# [What to work on]
Your answer should give again, exactly, the lines from the beginning of the entries below through the line containing "Soft, light, and". It must contain no pictures.

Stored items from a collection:
Start of Block

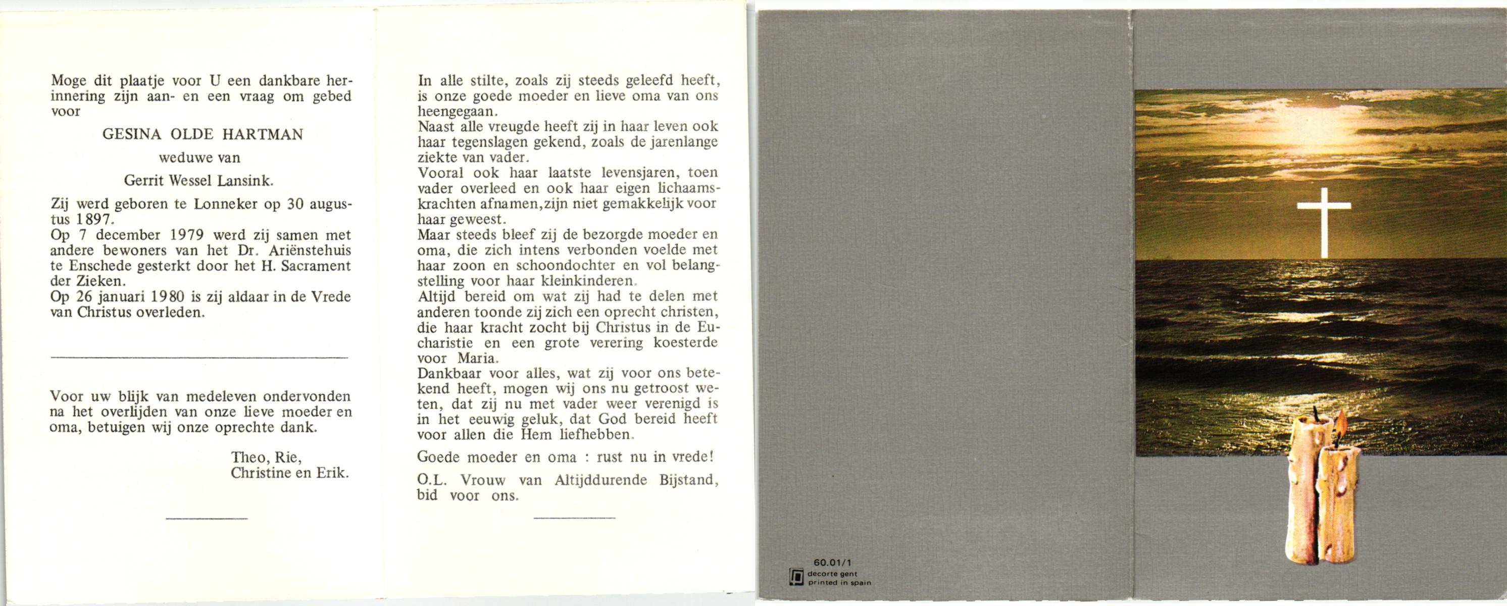OLDE HARTMAN, , Gesina, geboren op 30-08-1897 te Lonneker, overleden op 26-1-1980 te Enschede op 82-jarige leeftijd.
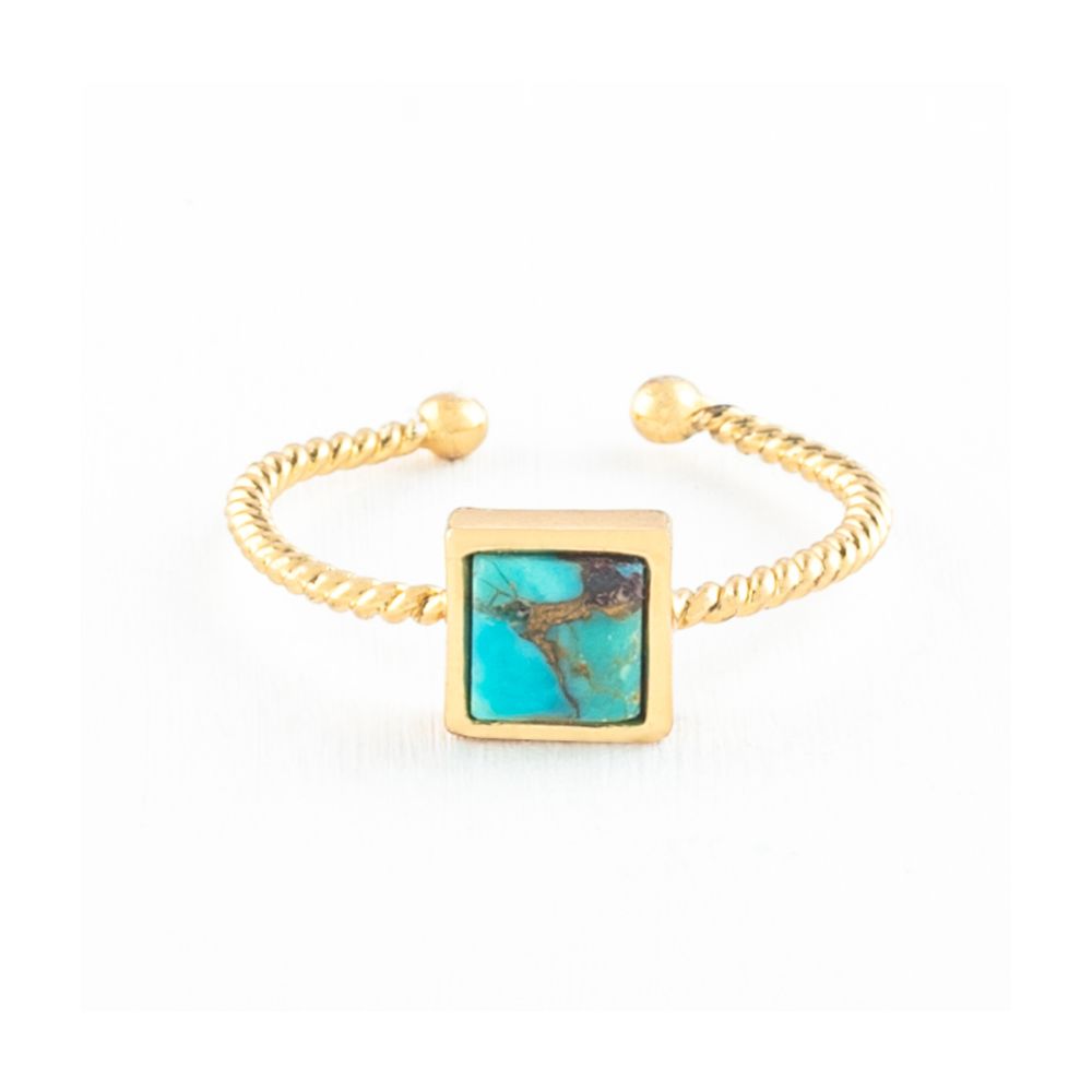 The timeless turquoise and gold of this adjustable square ring make it a great addition to your wardrobe or a wonderful gift.
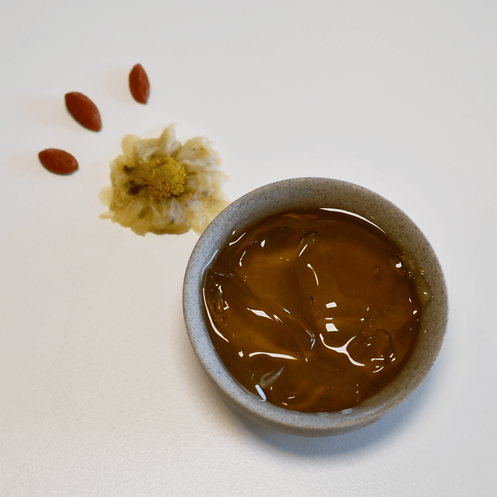 Soft, light, and floral. Made from chrysanthemum, goji berry, and konjac. Lightly sweetened.
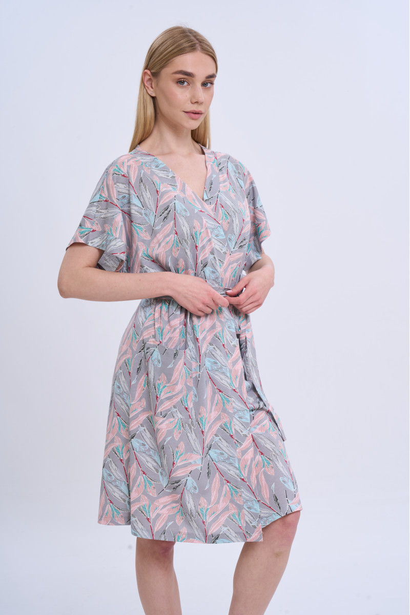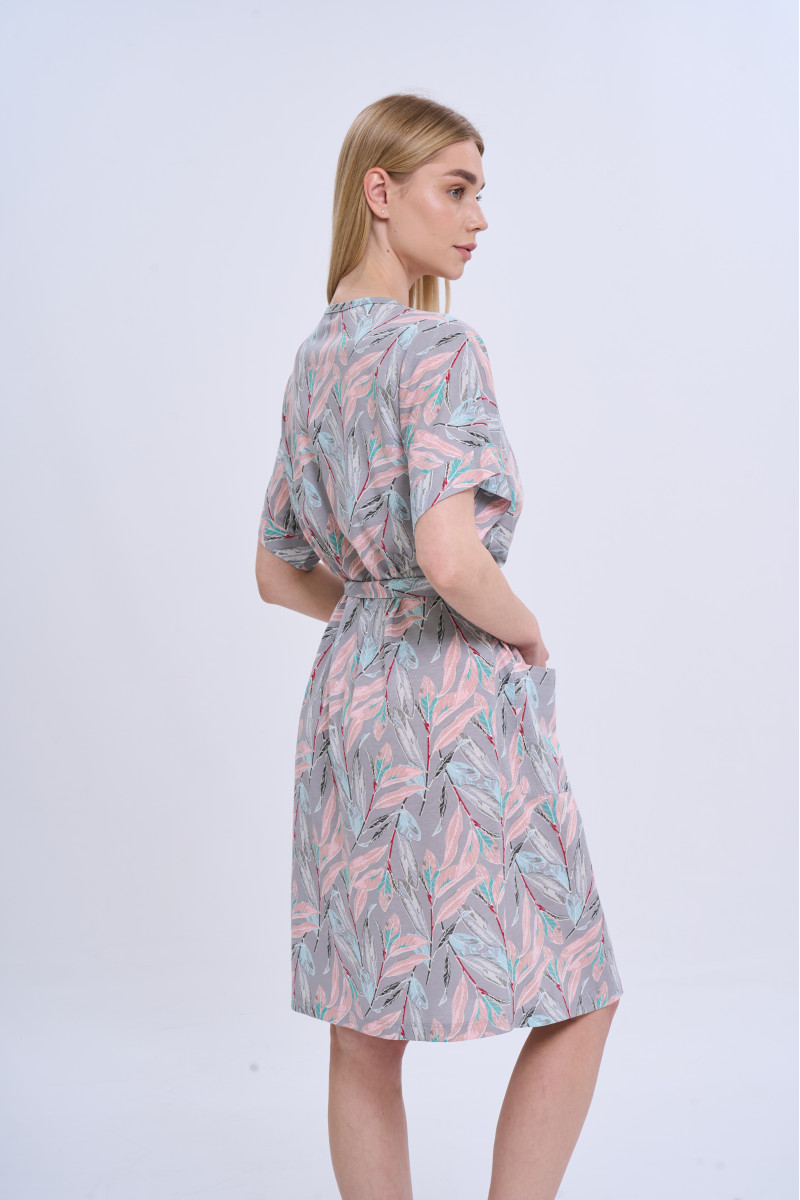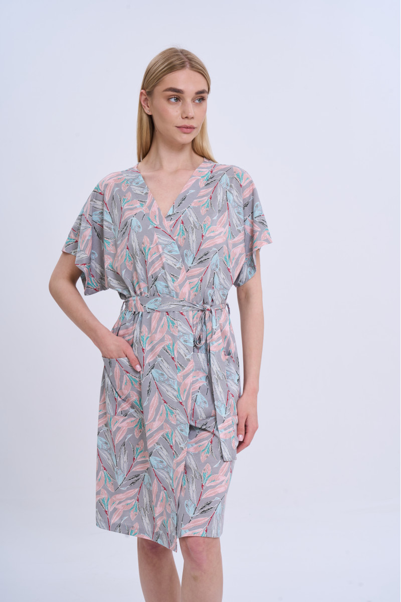 Халат имеет классический крой «на запах», который легко регулируется с помощью пояса, подчеркивая силуэт и обеспечивая комфортную посадку. Рукав длиной до локтя с легким скошенным кроем придает изделию современности и непринужденность, а также делает его практичным для ежедневного использования. Наличие удобных карманов повышает функциональность модели, позволяя всегда иметь под рукой необходимые мелочи.
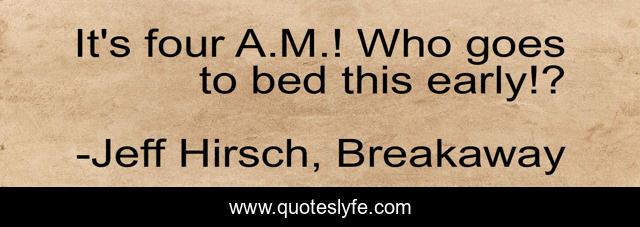 "Jeff Hirsch, Breakaway Quotes." Quoteslyfe.com, 2025. Fri. 05 Dec. 2025. <https://www.quoteslyfe.com/quote/It-s-four-A-M-Who-goes-199137>.

End of Block

# [Exercise result]
OLDE HARTMAN, , Gesina, geboren op 30-08-1897 te Lonneker, overleden op 26-1-1980 te Enschede op 82-jarige leeftijd.
 The timeless turquoise and gold of this adjustable square ring make it a great addition to your wardrobe or a wonderful gift.
 Soft, light, and floral. Made from chrysanthemum, goji berry, and konjac. Lightly sweetened.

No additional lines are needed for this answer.